Migrating style and script tags from node bodies into Code per Node

For a recent project, I needed to migrate anything inside <script> and <style> tags that were embedded with other content inside the body field of Drupal 6 nodes into separate Code per Node-provided fields for Javascript and CSS. (Code per Node is a handy module that lets content authors easily manage CSS/JS per node/block, and saves the styles and scripts to the filesystem for inclusion when the node is rendered—read more about CPN goodness here).

The key is to get all the styles and scripts into a string (separately), then pass that data into an array in the format:

<?php
$node
->cpn = array(
 
'css' => '<string of CSS without <style> tags goes here>',
 
'js' => '<string of Javascript without <script> tags goes here>',
);
?>

Then you can save your node with node_save(), and the CSS/JS will be stored via Code per Node.

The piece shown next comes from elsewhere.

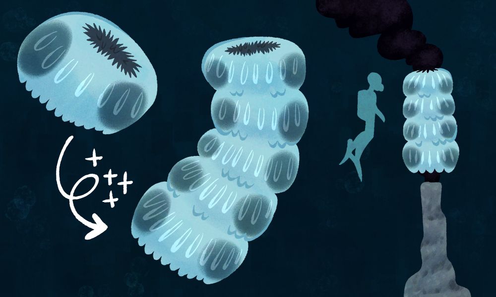 Glass Towers (Anulusnatans turrisvitrea) live in shallower oceans and grow only to a diameter of around 40cm. While they lack the funnel structure of their deep-sea cousins, they found a different way to maximize food intake: they “fuse” together with other members of their species, building large, tower-like structures that allow them to feed thoroughly and deter predators due to their unwieldy size.

For a migration using the Migrate module, the easiest way to do this (in my opinion) is to implement the prepare() method, and put the JS/CSS into your node's cpn variable through a helper function, like so:

First, put implement the prepare() method in your migration class:

<?php
 
/**
   * Make changes to the entity immediately before it is saved.
   */
 
public function prepare($entity, $row) {
   
// Process the body and move <script> and <style> tags to Code per Node.
   
if (isset($entity->body[$entity->language][0])) {
     
$processed_info = custom_process_body_for_cpn($entity->body[$entity->language][0]['value']);
     
$entity->body[$entity->language][0]['value'] = $processed_info['body'];
     
$entity->cpn = $processed_info['cpn'];
    }
  }
?>

Then, add a helper function like the following in your migrate module's .module file (assuming your migrate module is named 'custom'):

<?php
/**
* Break out style and script tags in body content into a Code per Node array.
*
* This function uses regular expressions to grab the content inside <script>
* and <style> tags inside the given body HTML, then put them into separate keys
* in an array that can be set as $node->cpn for a node before saving, which
* will store the scripts and styles in the appropriate fields for the Code per
* Node module.
*
* Why regex? I originally tried using PHP's DOMDocument to process the HTML,
* but besides being overly verbose with error messages on all but the most
* pristine markup, DOMDocument processed tags poorly; if there were multiple
* script tags, or cases where script tags were inside certain other tags, only
* one or two of the matches would work. Yuck.
*
* Regex is evil, but in this case necessary.
*
* @param string $body
*   HTML string that could potentially contain script and style tags.
*
* @return array
*   Array with the following elements:
*     cpn: array with 'js' and 'css' keys containing corresponding strings.
*     body: same as the body passed in, but without any script or style tags.
*/
function custom_process_body_for_cpn($body) {
 
$cpn = array('js' => '', 'css' => '');

 
// Search for script and style tags.
 
$tags = array(
   
'script' => 'js',
   
'style' => 'css',
  );
  foreach (
$tags as $tag => $type) {
   
// Use a regular expression to match the tag and grab the text inside.
   
preg_match_all("/<$tag.*?>
(.*?)<\/$tag>/is", $body, $matches, PREG_SET_ORDER);
    if (!empty($matches)) {
      foreach ($matches as $match_set) {
        // Remove the first item in the set (it still has the matched tags).
        unset($match_set[0]);
        // Loop through the matches.
        foreach ($match_set as $match) {
          $match = trim($match);
          // Some tags, like script tags for embedded videos, are empty, and
          // shouldn't be removed, so check to make sure there's a value.
          if (!empty($match)) {
            // Remove the text from the body.
            $body = preg_replace("/<$tag.*?>(.*?)<\/$tag>/is", '', $body);
            // Add the tag contents to the cpn array.
            $cpn[$type] .= $match . "\r\n\r\n";
          }
        }
      }
    }
  }

  // Return the updated body and CPN array.
  return array(
    'cpn' => $cpn,
    'body' => $body,
  );
}
?>

If you were using another solution like the CSS module in Drupal 6, and need to migrate to Code per Node, your processing will be a little different, and you might need to do some work in your migration class' prepareRow() method instead. The main thing is to get the CSS/Javascript into the $node->cpn array, then save the node. The Code per Node module will do the rest.

Comments

Thanks Jeff.

You taught me something with the reference to the Migrate modules prepare() function.
This approach could be useful for many other migration / cleanups tasks.

All the best,
Guy

I came across this when I released Inline CSS Checker and got pointed by @DamienMcKenna to CPN, which has a link to this post.

Besides using regexes, another option in some cases might be to use DOMDocument and DOMXPath as I did. I'm not 100% sure if DOMDocument::saveHTML() renders the HTML the same way it read it, though, but it seems to do a decent job.

See my note in the function comments on why I used regex; unfortunately, DOMDocument seems to not enjoy parsing any less-than-stellar HTML (for example, if someone puts a <script> tag inside another <script> tag, DOMDocument will stop finding anything beyond the first bit of the first tag contents), at least in my experience.

For many (if not most) situations, DOMDocument is far superior than regex, but sometimes, you have to get your hands a bit dirty and do something the wrong way, so it works :)